> PROMPT
Write again exactly the lines in the listing below, starting at the line with "The seating area" and ending at the line with "Organic Turmeric Curcumin", both included. Pictures are not copied.

> EXTRACTED DATA
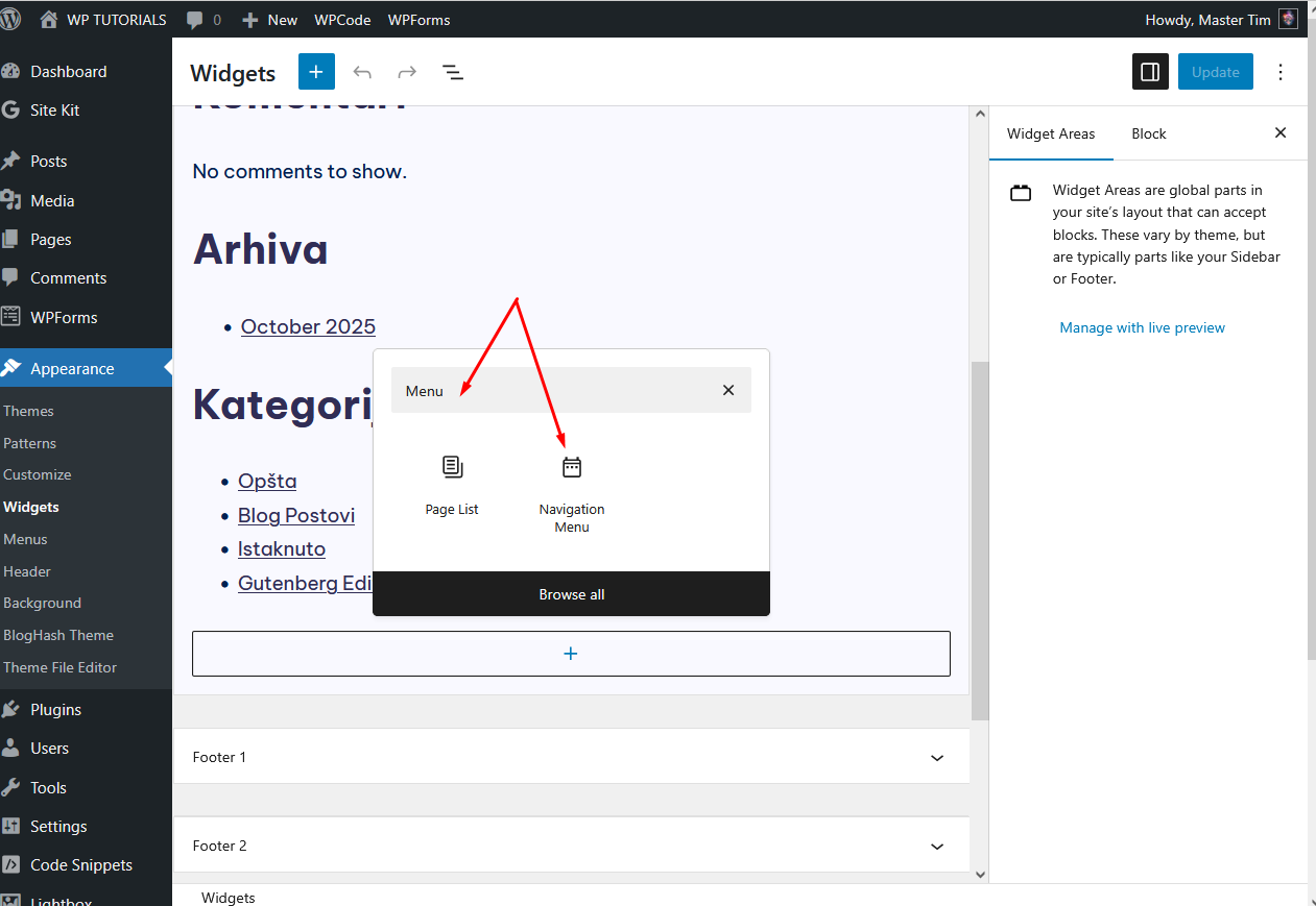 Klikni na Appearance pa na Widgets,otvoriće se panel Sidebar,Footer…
* * *
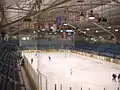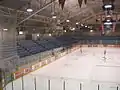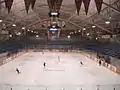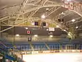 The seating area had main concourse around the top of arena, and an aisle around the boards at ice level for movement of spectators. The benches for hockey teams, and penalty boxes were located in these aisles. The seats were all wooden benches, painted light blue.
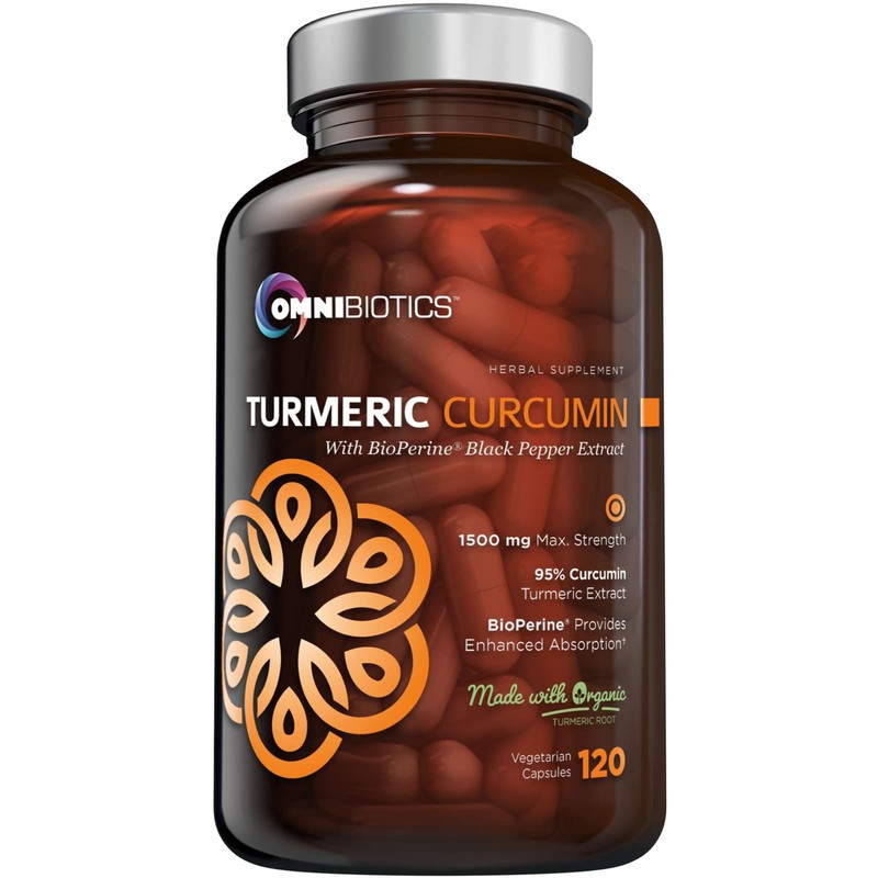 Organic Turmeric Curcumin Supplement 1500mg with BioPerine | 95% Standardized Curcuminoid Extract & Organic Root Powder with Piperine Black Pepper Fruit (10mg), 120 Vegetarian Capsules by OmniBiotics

> WRITTEN SOLUTION
 The seating area had main concourse around the top of arena, and an aisle around the boards at ice level for movement of spectators. The benches for hockey teams, and penalty boxes were located in these aisles. The seats were all wooden benches, painted light blue.
 Organic Turmeric Curcumin Supplement 1500mg with BioPerine | 95% Standardized Curcuminoid Extract & Organic Root Powder with Piperine Black Pepper Fruit (10mg), 120 Vegetarian Capsules by OmniBiotics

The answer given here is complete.